New Era Newspaper

New Era Epaper
Icon Collap
...
Home / Climate justice and energy

Climate justice and energy

2023-08-22  Correspondent

Climate justice and energy

CLIMATE finance transfers are part of the global North’s ecological debt to the global South, which includes climate dept. 

Repayment of this dept must include financial transfers, but it should also incorporate the unconditional annulment of all illegitimate foreign dept; immediate and rapid emissions reductions in Annex 1 countries; and the global sharing of appropriate technology and knowledge, to enable developing countries like Namibia, to adopt low carbon societies and increase communities’ resilience to climate change. 

Friends of the Earth International (FoEI) recognises that tackling climate change will involve dismantling the current corporate-driven political and economic model that drives climate change, global competition for energy resources and the degradation of the environment (which reduces human and ecological resilience to climate change). 

We cannot continue to favour a few rich elites over the impoverished majority when that brings with it the unsustainable exploitation of natural heritage, the commodification of life, the privatisation of public services, and the increasing control of production and trade by a few powerful transnational corporations. 

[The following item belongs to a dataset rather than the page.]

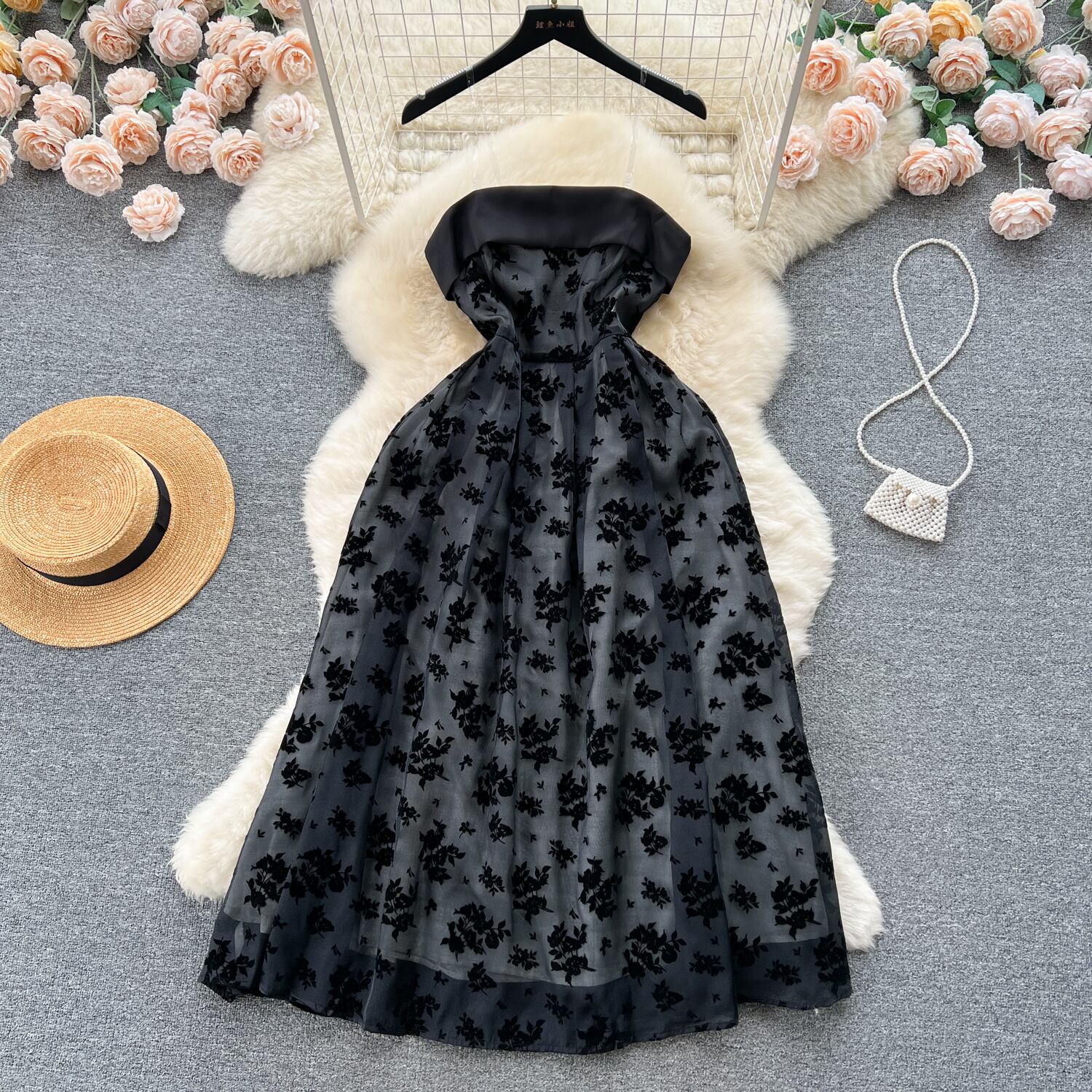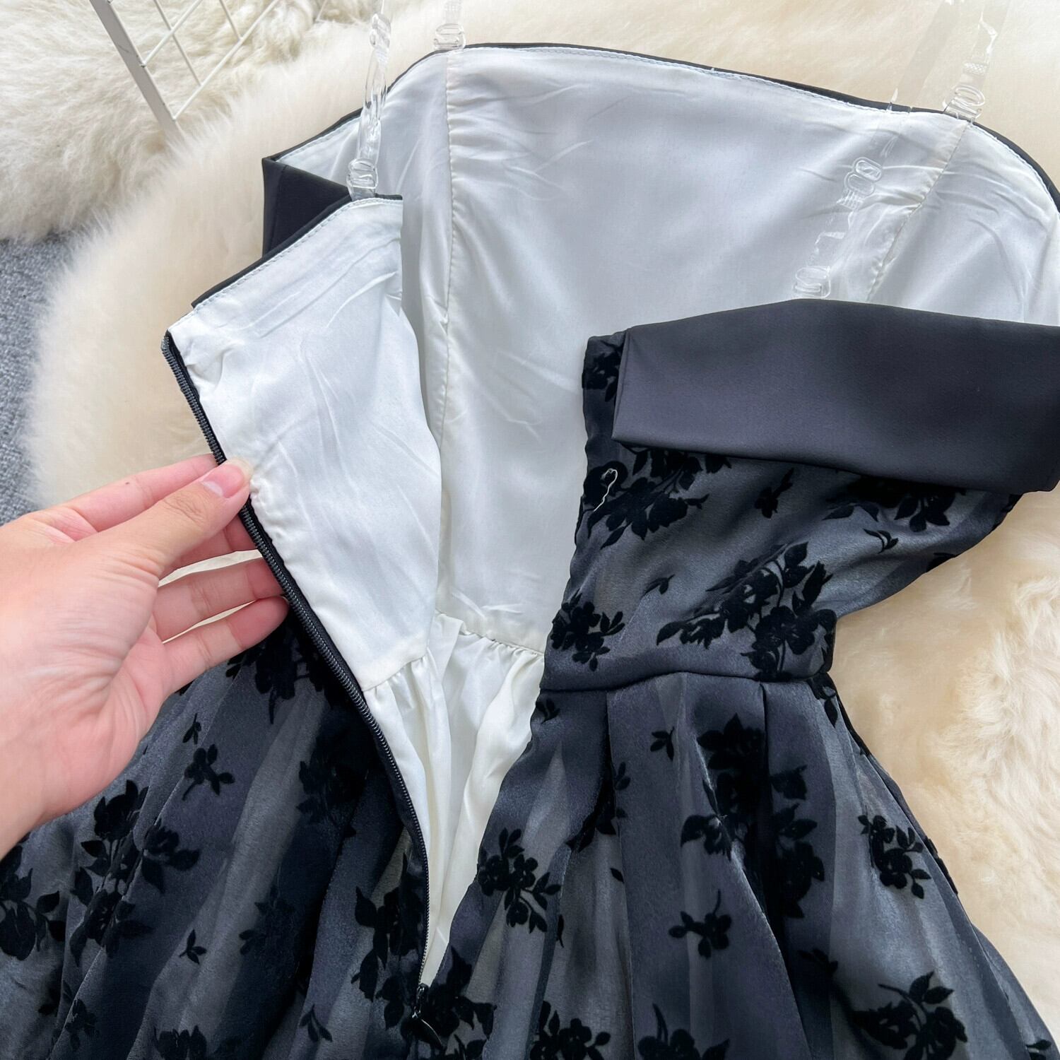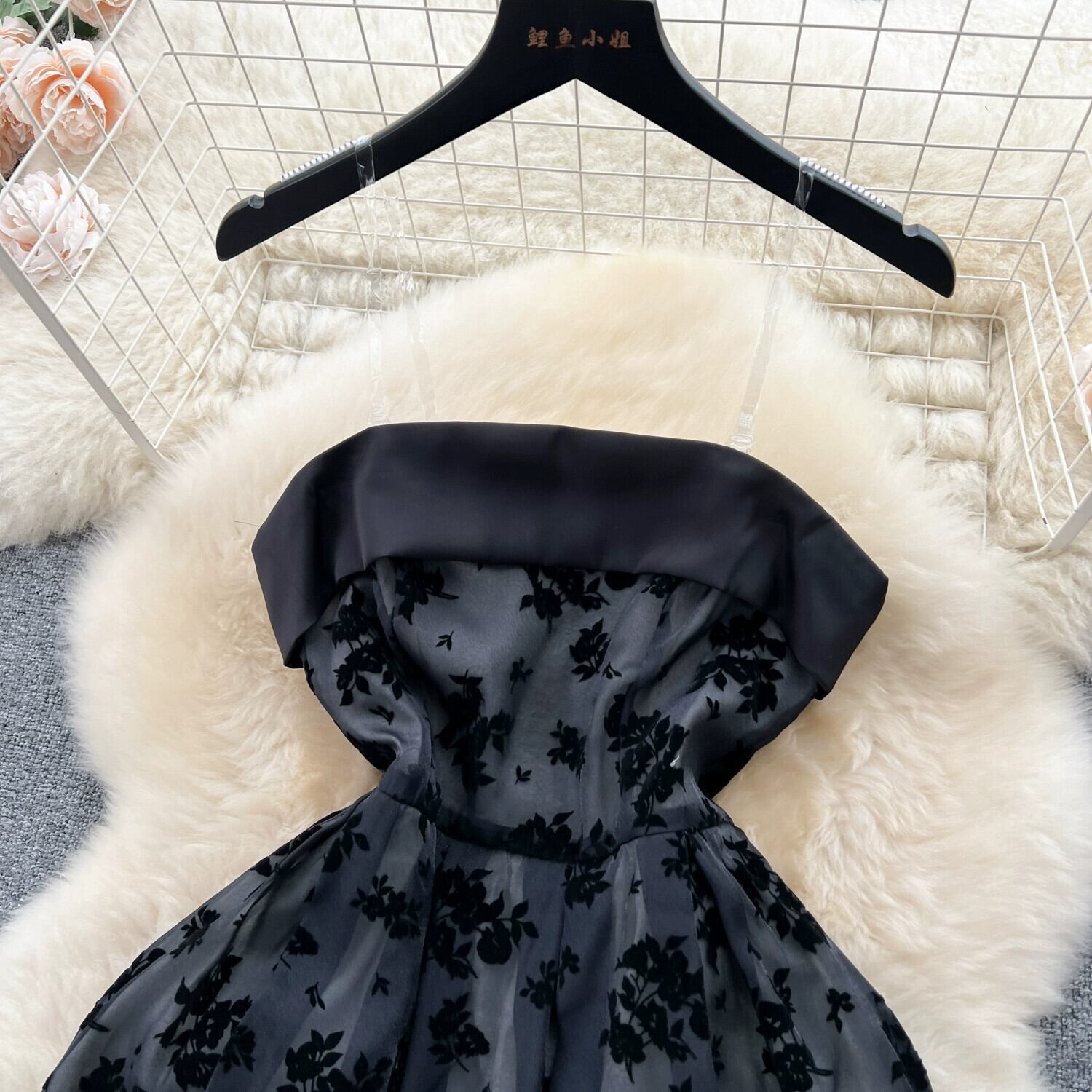 フランスのレトロなヘップバーン スタイルのジャカード ストラップレス メッシュ スカート女性スリム ウエストとシックなドレス lyxaj20128388549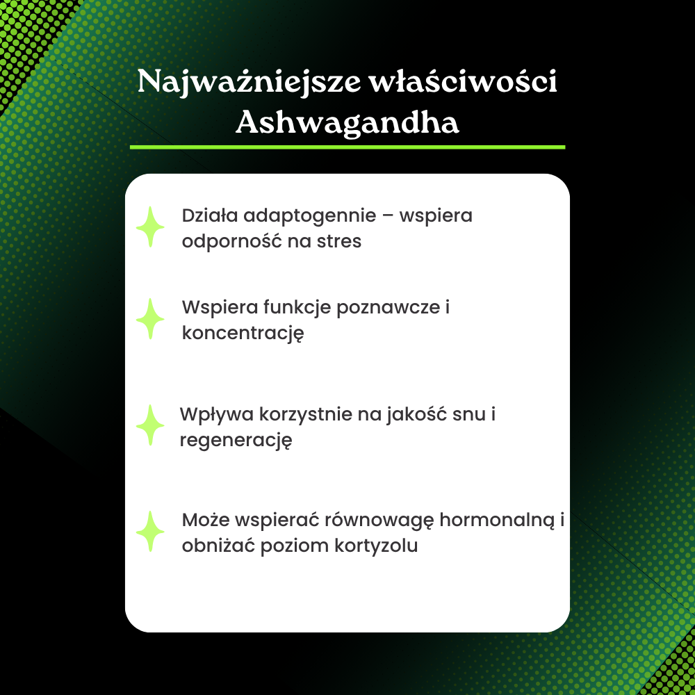Ashwagandha, znana również jako żeń-szeń indyjski, to jedno z najważniejszych ziół stosowanych w tradycyjnej ajurwedzie. Należy do grupy adaptogenów – naturalnych substancji wspierających zdolność organizmu do radzenia sobie ze stresem fizycznym i psychicznym. Korzeń ashwagandhy zawiera bioaktywne związki, takie jak witanolidy, którym przypisuje się korzystny wpływ na układ nerwowy, równowagę emocjonalną i ogólne samopoczucie. Suplementacja ashwagandhą może być szczególnie pomocna w stanach napięcia, zmęczenia oraz w okresach wzmożonego obciążenia psychicznego.

Measures to address climate change have to be based on a fundamental transition to a new, equitable and sustainable society if they are to succeed. Climate finance should be used to create climate justice and foster people’s sovereignty and communities’ ability to manage their local resources sustainably, including energy, forests and water. 

It should also prioritise local technologies and knowledge, and empower indigenous peoples, women and other vulnerable populations. Climate finance must also be consistent with existing international treaties and conventions, including those that ensure compliance with appropriate safeguards for indigenous peoples, women, displaced and other vulnerable communities; and those that mandate strategic environmental assessments. 

Particular care must be taken to ensure climate finance is not used to fund mechanisms that could restrict indigenous peoples’ and local communities’ access to resources (as could happen under Reducing Emissions for Deforestation and Degradation (REDD), for example. 

Developed countries cannot use fulfilling climate finance obligations to pre-determine the appropriate use of funds – these debates must be concluded in the United Nations Framework Convention on Climate Change (UNFCCC) with the full participation of civil society. 

Climate finance must also be free of conditionalities that might restrict indigenous peoples’ or local communities’ involvement in decision-making and the design and implementation of related activities, both nationally and internationally.  At all stages, the meaningful involvement of local communities, indigenous people, and women will be vital to the success of measures to mitigate and adapt to climate change.  Effective governance structures also need to allocate flows of climate finance in ways that protect indigenous peoples and local communities’ rights, cultures, lands, traditional practices and natural resources; ensure the free prior and informed consent of affected indigenous peoples and local communities; and establish the right to redress. 

Support must also be provided for workers and sectors of society involved in carbon-dependent industries, to ensure a just transition. The provision of climate finance should be mandatory, and derive from stable and predictable public sources in climate-debtor (global North) countries. 

It must also be new and in addition to existing official development assistance obligations. It must be sufficient in scale to repay the climate debt and meet the mitigation, technology and adaptation needs of the global South; but it should not be raised through border tax adjustments on goods imported from the global South, or violet existing agreements under the UNFCCC. 

Domestic tax revenues and policies designed to raise climate finance in debtor countries must not burden poorer households unfairly. Climate finance must come under the authority of the UNFCCC, not international financial
institutions.  

Governments have already agreed that the UNFCCC, which is guided by multilaterally negotiated principles based on historical responsibility, is the main international framework for addressing climate change. It is also governed democratically. Any executive board established to manage climate finance must be based on equitable representation consistent with the balance of representation of parties to the UNFCCC.  Transparency and accountability mechanisms at the local, national and international levels will also be essential to effective public scrutiny. A penalty system should be established to ensure the fulfilment of all climate finance obligations. Technical, financial and institutional ‘false solutions’ must be rejected; and climate finance should not be channelled through or support offsetting mechanisms, sectoral or otherwise, or institutions and private entities that finance and/or profit from the promotion of false solutions. These include the World Bank, regional financial institutions, and other public and private agencies with poor environmental and social track records and undemocratic governance structures.

Finally, climate finance should not be used to support the private acquisition of intellectual property rights for climate technologies and know-how; and any provisions in free trade and investment agreements that interfere with the establishment of adequate governance structures, or support corporations engaged in false solutions, should also be dismantled. 

*Dr Moses Amweelo is a former minister of works, transport and communication. He earned a doctorate in Technical Science, Industrial Engineering and Management from the International Transport Academy (St Petersburg, Russia).